# AMD Ryzen 2700 und boxed-Kühler?



## Tim1974 (14. Juli 2018)

*AMD Ryzen 2700 und boxed-Kühler?*

Hallo,

man findet ja auf Youtube und sonstwo viele Videos und Tests zu AMD Ryzen 2000 CPUs, aber meist geht es um die X-Modelle und deren boxed-Kühler, über den 2700 und den Wraith Spire habe ich noch keinen Test mit Temperaturwerten unter voller AVX-Last (Prime SmallFFTs) und Lüfterdrehzahlen gefunden.

Da der 2700 nur eine TDP von 65 Watt hat, in der Gesamtleistung aber den 2600X locker übertrifft (außer vielleicht bei einigen Spielen), er aber den gleichen Kühler hat wie der 2600X, würde mich interessieren, ob der Wraith Spire dort ausreicht, wenn man allenfalls marginal übertakten will?

Mir ginge es vorwiegend um einen effizienten und leisen Betrieb, unter längerer Volllast hätte ich mit Lüfterrauschen aber keine Probleme, solange es nicht laut ist.

Gruß
Tim


----------



## Gast20190527 (14. Juli 2018)

*AW: AMD Ryzen 2700 und boxed-Kühler?*

Du kannst den Kühler problemlos benutzen.

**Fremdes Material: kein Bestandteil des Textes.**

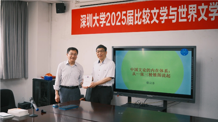 2025年5月19日,香港岭南大学中文系讲座教授蔡宗齐应深圳大学人文学院之邀,在深圳大学粤海校区汇文楼人文学院大会议室1100为深大师生们带来了题为“揭示中国文论的内在体系:从艾布拉姆斯的三线图到三棱锥图”的精彩讲座。该讲座为“深大讲坛”第210讲,“深大讲坛”是我校最高层次的综合性学术文化讲坛,定期邀请国内外各学科、各领域知名专家学者登坛演讲,通过“传播学术新知,领略名家风范,弘扬博雅精神,启迪人生智慧”,营造人文校园、学术校园、创新校园。
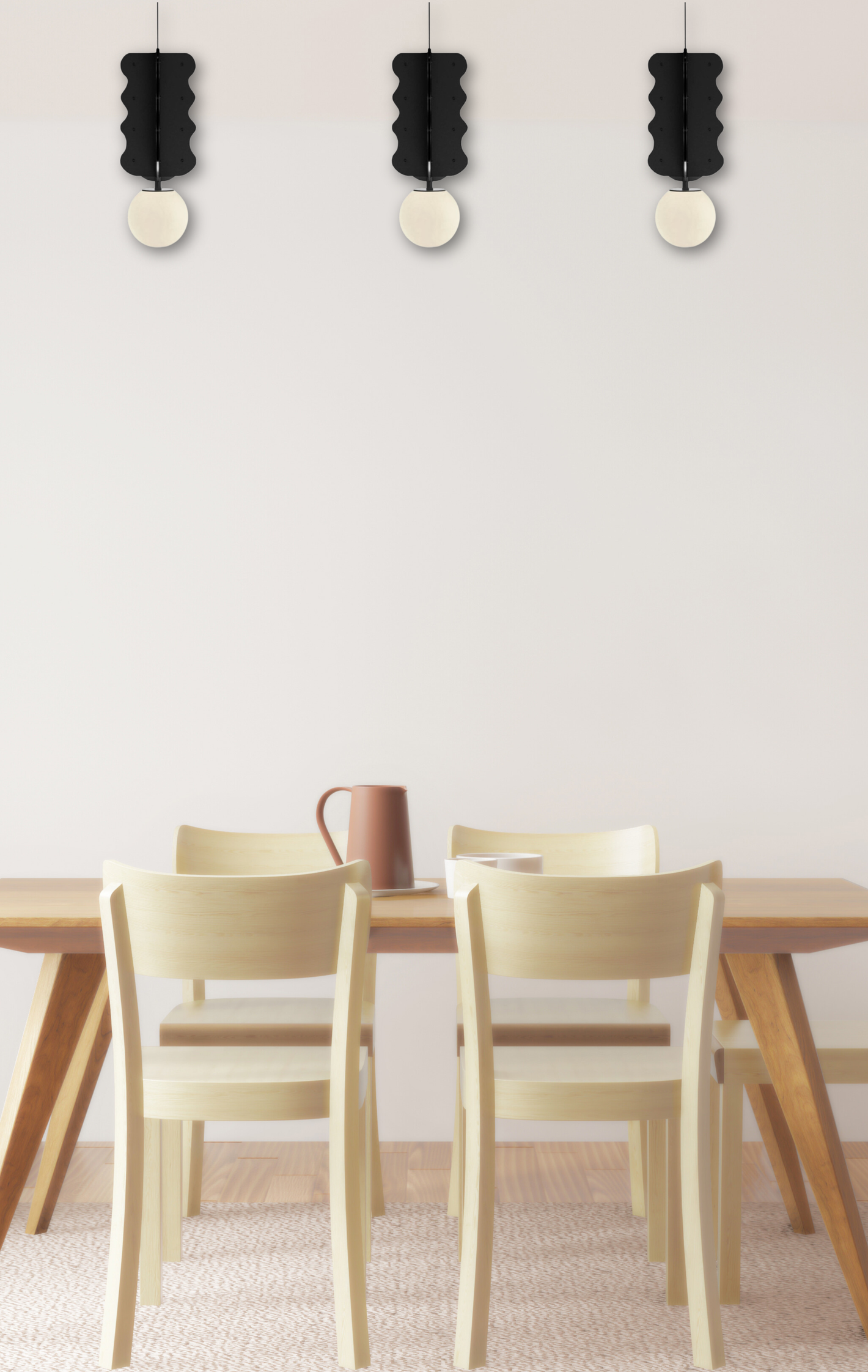 It can be installed above dining tables, kitchen islands, or seating areas, and works equally well in living rooms, bedrooms, or office spaces. Its sculptural form makes it suitable for both central ceiling placement and as a feature in clusters for layered lighting effects.

Ich habe ihn in anderen Systemen die ich für Bekannte gebaut habe auch immer aktiv. Sind gute und nicht laute Kühler


----------



## Tim1974 (14. Juli 2018)

*AW: AMD Ryzen 2700 und boxed-Kühler?*

Gut zu wissen, allerdings ist natürlich die Frage welche Temperaturen man bei Prime95 SmallFFTs mit massiver AVX-Nutzung bekommt, wenn man den nicht übertakteten R7-2700 mit dem Wraith Spire in einen gut durchlüfteten Gehäuse betreibt?
Werden das über 90°C werden?


----------



## Gast20190527 (14. Juli 2018)

*AW: AMD Ryzen 2700 und boxed-Kühler?*

Keine Ahnung, das habe ich nie getestet. Die Ansprüche waren da anders. Die meisten meiner Bekannten kennen sich nicht mit PCs aus und würden auch nichts mit Prime machen. Für den Alltagsgebrauch auch durchaus mit Spielen ist der Boxed Kühler ne tolle Alternative. Es gibt aber auch andere gute Kühler für 30 - 40€ die sicherlich auch unter Prime95 ein ordentliches Bild abgeben.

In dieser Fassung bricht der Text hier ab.